Bill Inmon has given me this wonderful opportunity to blog on his behalf. I like to cover everything from DW2.0 to integration to data modeling, including ETL/ELT, SOA, Master Data Management, Unstructured Data, DW and BI. Currently I am working on ways to create dynamic data warehouses, push-button architectures, and automated generation of common data models. You can find me at Denver University where I participate on an academic advisory board for Masters Students in I.T. I can't wait to hear from you in the comments of my blog entries. Thank-you, and all the best; Dan Linstedt http://www.COBICC.com, danL@danLinstedt.com

About the author >

Cofounder of Genesee Academy, RapidACE, and BetterDataModel.com, Daniel Linstedt is an internationally known expert in data warehousing, business intelligence, analytics, very large data warehousing (VLDW), OLTP and performance and tuning. He has been the lead technical architect on enterprise-wide data warehouse projects and refinements for many Fortune 500 companies. Linstedt is an instructor of The Data Warehousing Institute and a featured speaker at industry events. He is a Certified DW2.0 Architect. He has worked with companies including: IBM, Informatica, Ipedo, X-Aware, Netezza, Microsoft, Oracle, Silver Creek Systems, and Teradata.  He is trained in SEI / CMMi Level 5, and is the inventor of The Matrix Methodology, and the Data Vault Data modeling architecture. He has built expert training courses, and trained hundreds of industry professionals, and is the voice of Bill Inmons' Blog on http://www.b-eye-network.com/blogs/linstedt/.

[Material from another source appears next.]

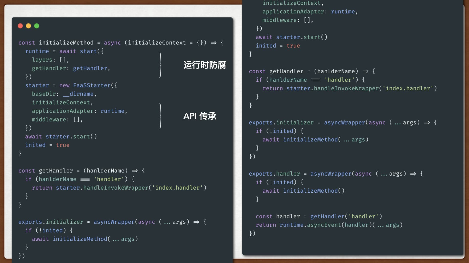 为了和之前的框架结合,以及屏蔽不同平台之间的差异,我们在社区的运行时执行之后,用户入口函数之前,做了一层架构抽象,即我们所谓的”防腐层“。这层一共包括两个功能,一是运行时防腐的部分,屏蔽出入参数差异,屏蔽异步差异,错误处理等等。第二部分是 API 传承,将传统的 Midway v1 的容器初始化,根据 yml 里的信息实例化对应的函数方法。

In my blog: "Stuck in 1985", I discuss the nature of graphing, and how I believe the current BI Reporting vendors aren't doing enough to represent the data for visual recognition. There's a flip side or an underside to this current as well. The question I'm driving here is: Is accurate data visualization driven by data modeling architecture of the warehouse behind the scenes?

I would tend to say YES, it is. In this blog, we explore this notion a bit more in depth. Take a look and let me know what you think...

I begin with directing towards visualization tools, just as I directed towards graphing tools in the last round. In this particular case, there's an Open Source data visualization component called OpenVis from IBM. In the enhanced data model section it discusses how the "data model" plays a critical role in the visualization capabilities. With OpenVis, apparently the data model is an object-oriented component. Here, they discuss the the details of the data model in action.

I believe that data modeling is a key to open many doors. The data model should be consistent (in architecture), repeatable, redundant, and flexible to change (without restating data). In this case, the components or entity types should be standardized beyond just "parent child". In order to gain some sort of 2-dimensional understanding of a data model, patterns within the data model itself must be easily recognized.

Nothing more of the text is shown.